Abstract |
A growing body of evidence indicates that microglia, resident innate
immune cells in the brain, play a role in host defense and tissue repair,
and function as active contributors to neuron damage in neurodegenerative
disease. BV-2 microglial cells immortalized by a v-raf/v-myc recombinant
retrovirus (J2) have been widely used as a microglial cell model, but
there are no reports about the chromosomal characteristics of this cell
line such as a gain or loss in DNA copy number. In this report we
conducted a genome-wide determination of chromosomal aberrations in BV-2
microglial cells using a high-throughput, oligonucleotide array-based
comparative genomic hybridization (oaCGH) technique. A segmentation method
was used to divide each chromosome into segments whose probe sequences
share the same relative DNA copy number on average. The genomic location
of each segment was determined using the mouse genome database (UCSC mm8,
NCBI Build 36).

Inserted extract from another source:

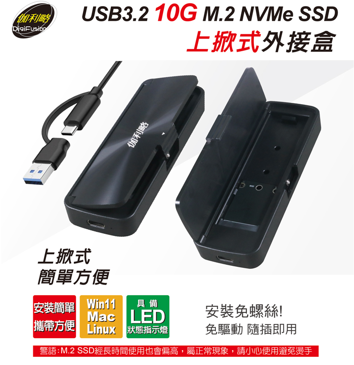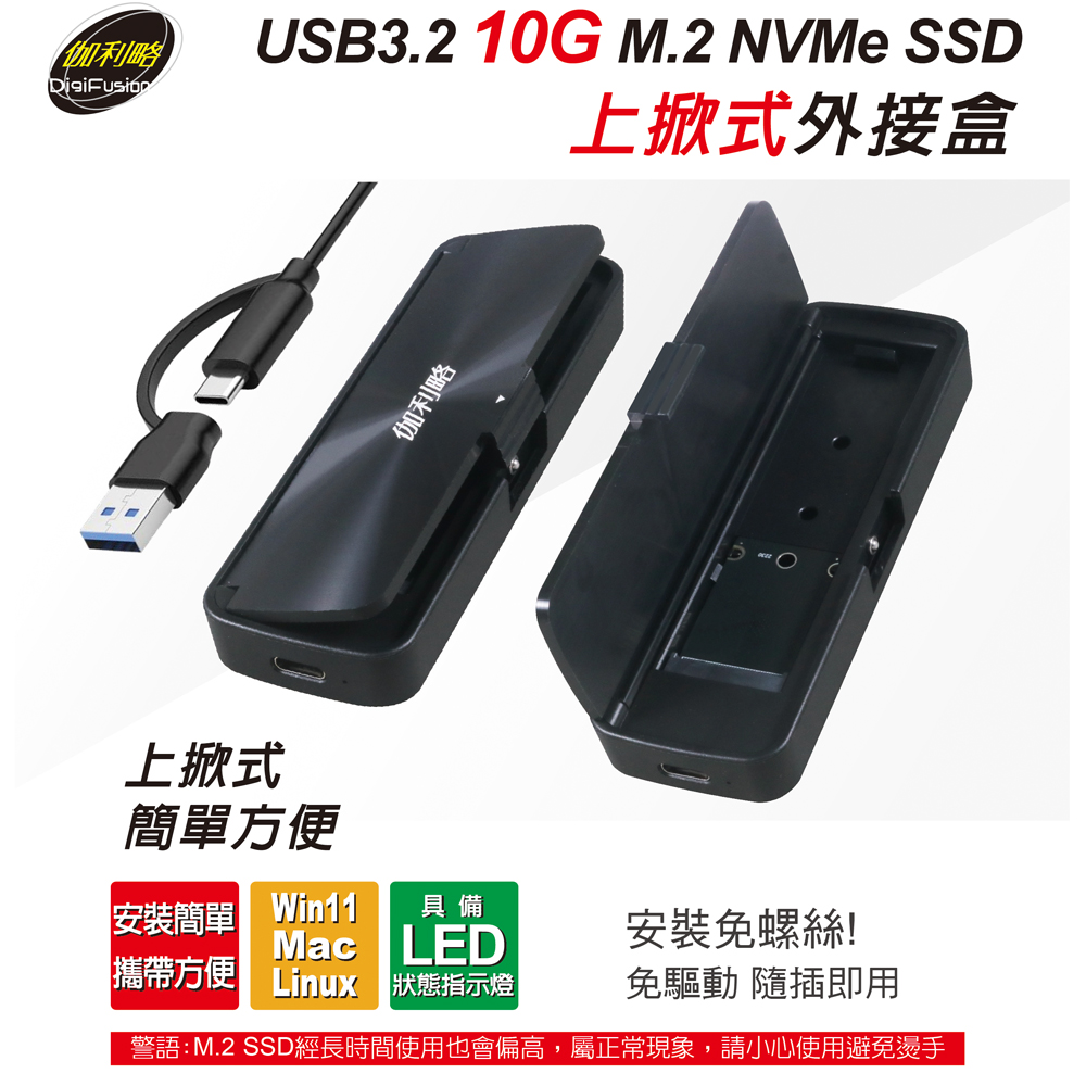 伽利略 USB3.2 10G M.2 NVMe SSD 上掀式外接盒
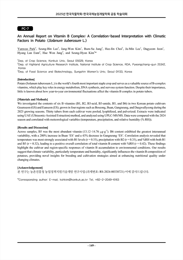 Seung-Bin Lee(Dep. of Crop Science, Konkuk Univ, Seoul 05029, Korea)

Chromosome 4 was found to have the largest gain which
located in the region of chr4 : 3377972-111570775, and chromosome 3 had
the largest loss segment missing from the region of chr3 : 3445973-
86952997. Segments possessing more DNA copies than normal by one copy
(average of log ratios in segment >0.585) were observed in chromosomes 4
and 19 while segments having less DNA copies by one copy (average of log2
ratios <-1) were detected in chromosomes 1, 2, 11 and 13.